Contexte et chiffres clés
Les dernières statistiques publiées par le Bureau central des statistiques (CBS) montrent que les prix de l'immobilier en Israël ont diminué de 1 % entre la période bimestrielle précédente et avril‑mai 2026, soit la plus forte baisse mensuelle observée depuis huit ans. Sur un an, la chute atteint 2 %, une trajectoire rarement constatée ces dix dernières années où la hausse dominante avait prévalu.
Les facteurs du recul
Plusieurs déterminants expliquent ce ralentissement. D'abord, l'effet combiné d'une situation géopolitique lourde : le marché a été fragilisé par la guerre déclenchée après l'attaque du 7 octobre 2023 et par le conflit étendu lancé le 28 février 2026 contre l'Iran, éléments qui pèsent sur la confiance des acheteurs domestiques et étrangers.
Ensuite, la conjoncture financière : des taux d'intérêt élevés réduisent le recours au crédit et allongent les mensualités, ce qui rend des projets d'achat moins accessibles. Parallèlement, le pays fait face à un stock record de logements neufs invendus, accentuant la pression à la baisse sur les prix.
Enfin, la vigueur de la monnaie nationale a un impact tangible sur la demande étrangère : le shekel s'échange autour de 3,01 par dollar, s'étant apprécié de quelque 10 % en un an et ayant connu des variations de plus de 20 % sur seize mois. Pour des acheteurs payant en devises étrangères, cette appréciation réduit le pouvoir d'achat et peut augmenter le coût réel d'un logement de plusieurs centaines de milliers de shekels.
Variations régionales
Le recul n'est pas homogène : certaines zones ont enregistré des baisses plus nettes, tandis que d'autres sont restées stables voire en légère hausse comparativement à l'an passé. Voici la répartition pour avril‑mai :
| Région | Variation (période bimestrielle) | Variation (sur un an) |
|---|---|---|
| Tel Aviv | -2 % | -2,5 % |
| Jérusalem | -1,8 % | +0,3 % |
| Sud | -1 % | -0,5 % |
| Haïfa | -0,5 % | -2,6 % |
| Nord | -0,3 % | +1,4 % |
| Région Centre | Stable | -3,2 % |
Conséquences pour les acteurs du marché
- Acheteurs locaux : la combinaison de taux élevés et d'incertitudes géopolitiques incite à la prudence ; les projets financés par emprunt voient leur quotient familial fragilisé.

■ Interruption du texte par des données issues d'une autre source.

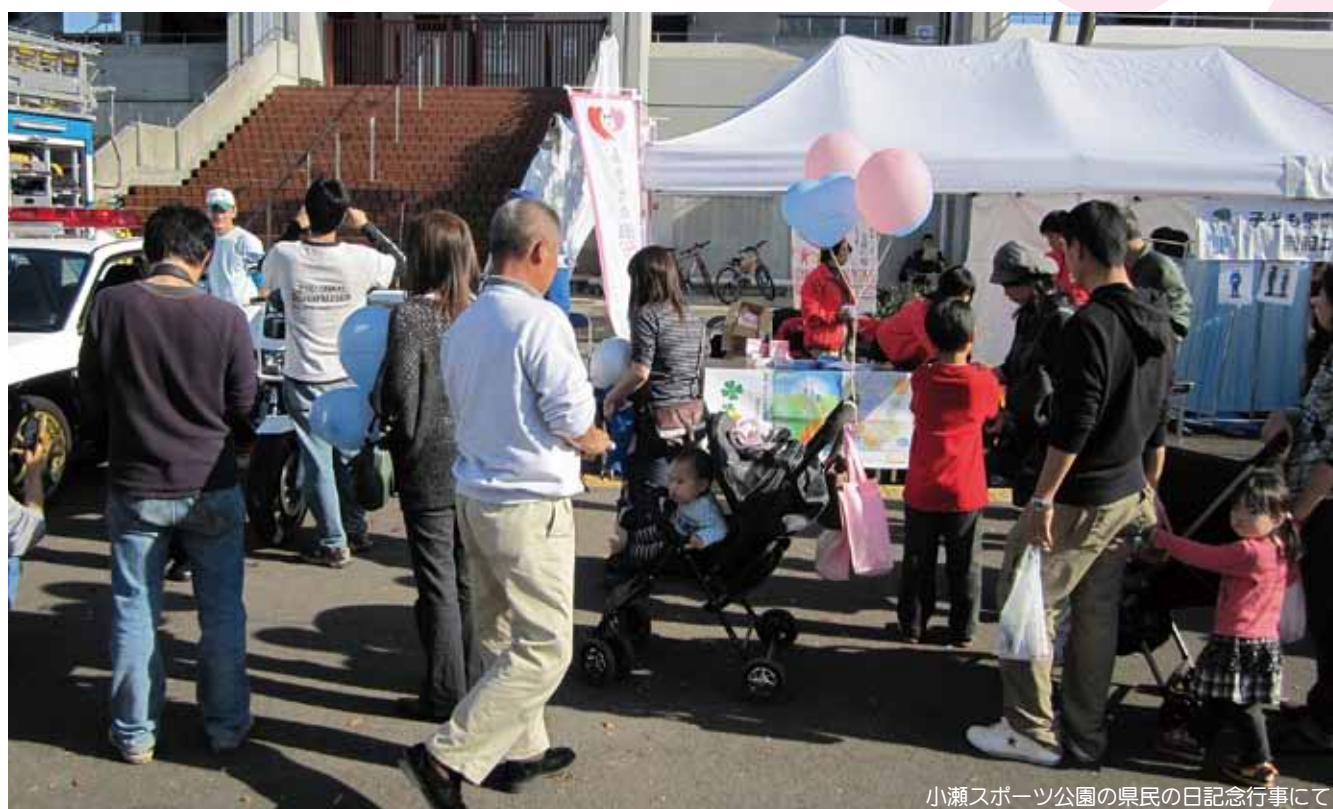
小瀬スポーツ公園の県民の日記念行事にて

また、11月19日、20日に甲府市・小瀬スポーツ公園で開かれた「県民の日記念行事」では、陸上競技場前の「ふれあいけいさつコーナー」で、当センターのボランティア支援員ら約20人がそろいの赤いウインドブレーカーに身を包み、来場者にチラシなどを手渡し、PRしました。

- Acheteurs étrangers : la force du shekel réduit l'attractivité des acquisitions payées en dollars, euros ou livres, et peut freiner des investissements de relocalisation ou de résidence secondaire.

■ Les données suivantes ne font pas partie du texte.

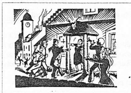
First Footing na klokslag twaalf

Na de twaalfde galmslag van de kerkklok klinkt uit miljoenen kelen het befaamde lied van vriendschap van Robert Burns, Auld Lang Syne . Om het huis geluk te brengen, moet de eerste bezoeker die daarna over de drempel komt een lange donkere man zijn met een fles whisky en een klompje turf of

- Promoteurs : la présence d'un parc important de logements neufs invendus crée des tensions sur les prix et impose des ajustements commerciaux (promotions, reports de livraison, requalification des programmes).
Perspective
La lecture à court terme reste dépendante de l'évolution de la situation sécuritaire et des trajectoires monétaires et de taux. Si la conjoncture se stabilise, une reprise progressive de la demande n'est pas exclue ; en revanche, la persistance d'éléments défavorables pourrait prolonger la correction observée depuis neuf des douze derniers mois.
En mensualités et mètres carrés : pour un acheteur étranger, la combinaison d'un shekel fort et de prix unitaires toujours élevés signifie qu'un logement peut coûter, en devises étrangères, sensiblement plus qu'il y a un an — une donnée capitale pour calibrer un projet immobilier sur place.